- _TASK DETAILS_: Could the data below be printed out exactly, with the pictures left out?

- _STORED DATA_:

-- Opening Marker --

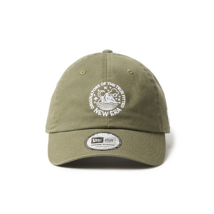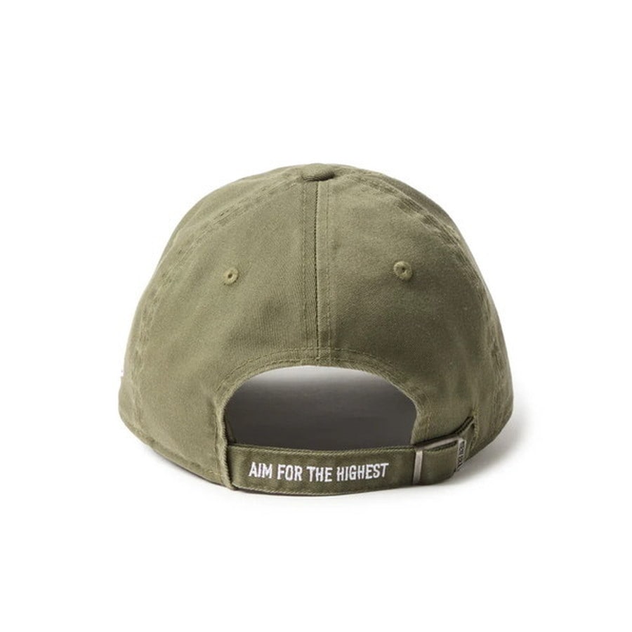 アウトドアモチーフのオリジナルロゴデザインをレイアウト。リアストラップにはAIM FOR THE HIGHESTの刺繍入り。トップボタンは濡れた際の錆をさけるプラスチック製。シルエットはフロント部分に芯がなく柔らかな被り心地が特徴。フロントパネルのトップステッチをなくし、スウェットバンドには薄く柔らかいコットンツイルを採用。バイザー(つば)はあらかじめ着用しやすい状態にカーブしています。イージースナップ(スナップボタンで着脱できるサイズ調整するストラップ)なので、バッグやベルトループなどに簡単に取り付けることができます。頭回り約55.8cmから59.6cmまでサイズ調整が可能です。
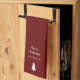 Merry Christmas Festive red kitchen towel, with a simple evergreen and customisable typography design. A great addition to your kitchen decor this holiday season.
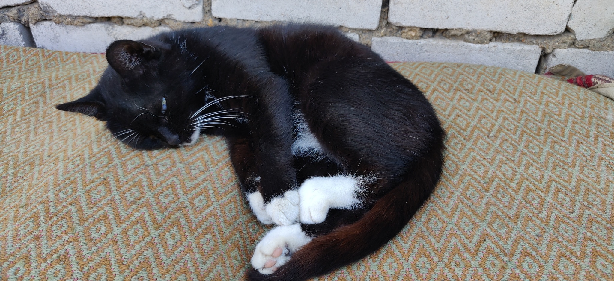 Наша Мура. Дамочке уже 14 лет, а мышей таскает на ура, хоть и с бельмом после боёв на глазу. Иногда были мысли посадить на цепь вместо сторожевого пса, очень грозная)) Но мы её все равно любим.
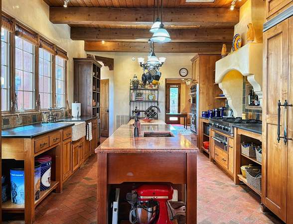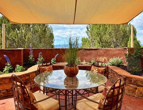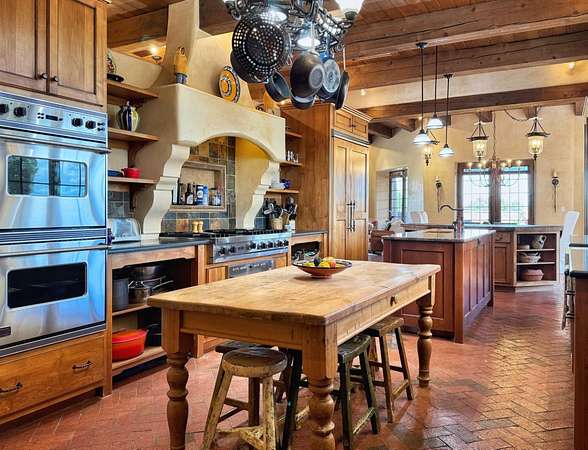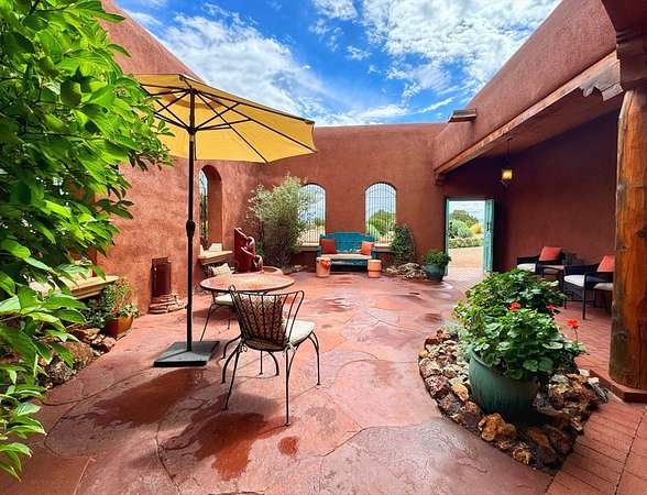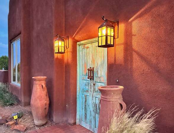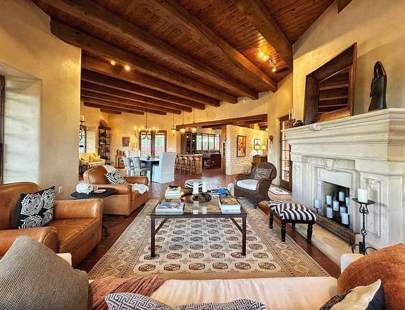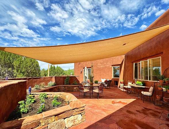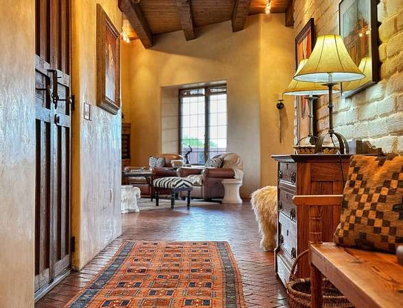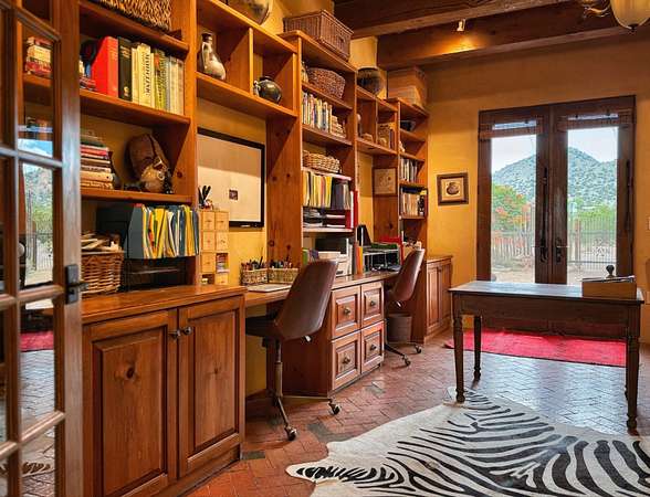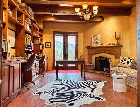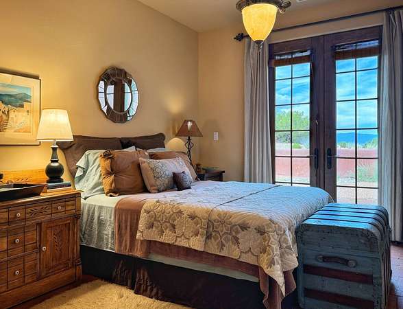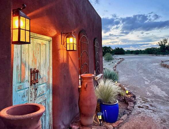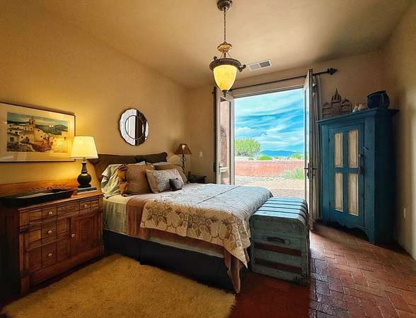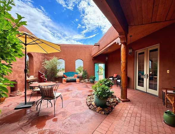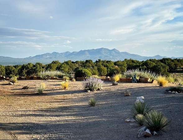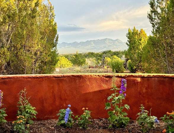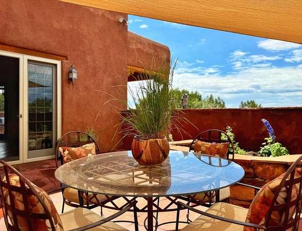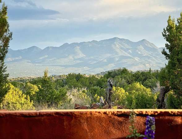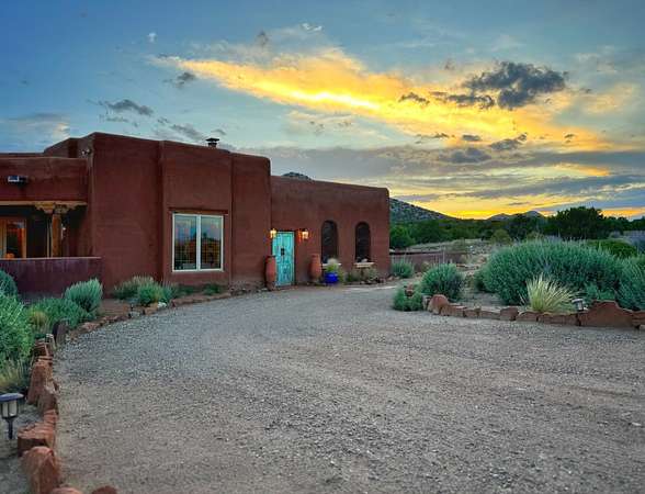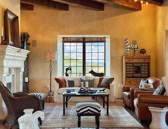 Luxurious single-level custom-built home in Silver Hills Ranch, just 20 mins from Santa Fe & 50 mins from Albuquerque International Sunport. Set on 14.37 acres adjacent to BLM and county open space, the property offers ample room to build equestrian facilities and accommodates up to 7 horses. The 3,360 sq ft main home-recently re-stuccoed-is paired with an 820 sq ft adobe casita-both enjoying 360 degrees panoramic views of the Galisteo Basin, Cerrillos Hills, Sangre de Cristo, Sandia & Ortiz Mountains. The main home features 3 bedrooms, office/library, & 3 bathrooms (2 full, 1- 3/4), and welcomes you through a spacious courtyard with antique mesquite doors. Inside, the foyer features an exposed brick accent wall that adds character and warmth. The great room boasts soaring ceilings with wood beams & tongue-and-groove planks. A chef's kitchen offers Viking Pro appliances, alder cabinetry, honed granite & slate countertops, dual islands, custom hood, & two sinks (granite farm & copper). The primary suite includes a spacious walk-in closet and a luxurious full bathroom with dual marble sinks. Additional features include a library/flex room, media room, & 3 wood-burning fireplaces w/gas starters. Elegant finishes include herringbone brick & fossilized stone floors, hand-troweled plaster walls & Pella Architect Series windows. Seven sets of elegant 8-foot Pella French doors open effortlessly to five serene patios and courtyards, providing expansive outdoor living spaces perfect for entertaining, relaxing, and enjoying breathtaking panoramic views. Modern comforts: central A/C, in-floor radiant & forced-air heating, built-in fridge & whole-home stereo. Eco-friendly features include 24 solar panels, 500-gal propane tank, & 3 rainwater-harvesting cisterns. The casita offers stylish modern finishes & a 3/4 bath-ideal for guests. Located in a desirable neighborhood w/low HOA fees & sensible CC&Rs. A rare blend of luxury, functionality & sustainability in an unmatched natural setting.

-- Closing Marker --

- _SOLUTION FOR THIS TASK_:
 アウトドアモチーフのオリジナルロゴデザインをレイアウト。リアストラップにはAIM FOR THE HIGHESTの刺繍入り。トップボタンは濡れた際の錆をさけるプラスチック製。シルエットはフロント部分に芯がなく柔らかな被り心地が特徴。フロントパネルのトップステッチをなくし、スウェットバンドには薄く柔らかいコットンツイルを採用。バイザー(つば)はあらかじめ着用しやすい状態にカーブしています。イージースナップ(スナップボタンで着脱できるサイズ調整するストラップ)なので、バッグやベルトループなどに簡単に取り付けることができます。頭回り約55.8cmから59.6cmまでサイズ調整が可能です。
 Merry Christmas Festive red kitchen towel, with a simple evergreen and customisable typography design. A great addition to your kitchen decor this holiday season.
 Наша Мура. Дамочке уже 14 лет, а мышей таскает на ура, хоть и с бельмом после боёв на глазу. Иногда были мысли посадить на цепь вместо сторожевого пса, очень грозная)) Но мы её все равно любим.
 Luxurious single-level custom-built home in Silver Hills Ranch, just 20 mins from Santa Fe & 50 mins from Albuquerque International Sunport. Set on 14.37 acres adjacent to BLM and county open space, the property offers ample room to build equestrian facilities and accommodates up to 7 horses. The 3,360 sq ft main home-recently re-stuccoed-is paired with an 820 sq ft adobe casita-both enjoying 360 degrees panoramic views of the Galisteo Basin, Cerrillos Hills, Sangre de Cristo, Sandia & Ortiz Mountains. The main home features 3 bedrooms, office/library, & 3 bathrooms (2 full, 1- 3/4), and welcomes you through a spacious courtyard with antique mesquite doors. Inside, the foyer features an exposed brick accent wall that adds character and warmth. The great room boasts soaring ceilings with wood beams & tongue-and-groove planks. A chef's kitchen offers Viking Pro appliances, alder cabinetry, honed granite & slate countertops, dual islands, custom hood, & two sinks (granite farm & copper). The primary suite includes a spacious walk-in closet and a luxurious full bathroom with dual marble sinks. Additional features include a library/flex room, media room, & 3 wood-burning fireplaces w/gas starters. Elegant finishes include herringbone brick & fossilized stone floors, hand-troweled plaster walls & Pella Architect Series windows. Seven sets of elegant 8-foot Pella French doors open effortlessly to five serene patios and courtyards, providing expansive outdoor living spaces perfect for entertaining, relaxing, and enjoying breathtaking panoramic views. Modern comforts: central A/C, in-floor radiant & forced-air heating, built-in fridge & whole-home stereo. Eco-friendly features include 24 solar panels, 500-gal propane tank, & 3 rainwater-harvesting cisterns. The casita offers stylish modern finishes & a 3/4 bath-ideal for guests. Located in a desirable neighborhood w/low HOA fees & sensible CC&Rs. A rare blend of luxury, functionality & sustainability in an unmatched natural setting.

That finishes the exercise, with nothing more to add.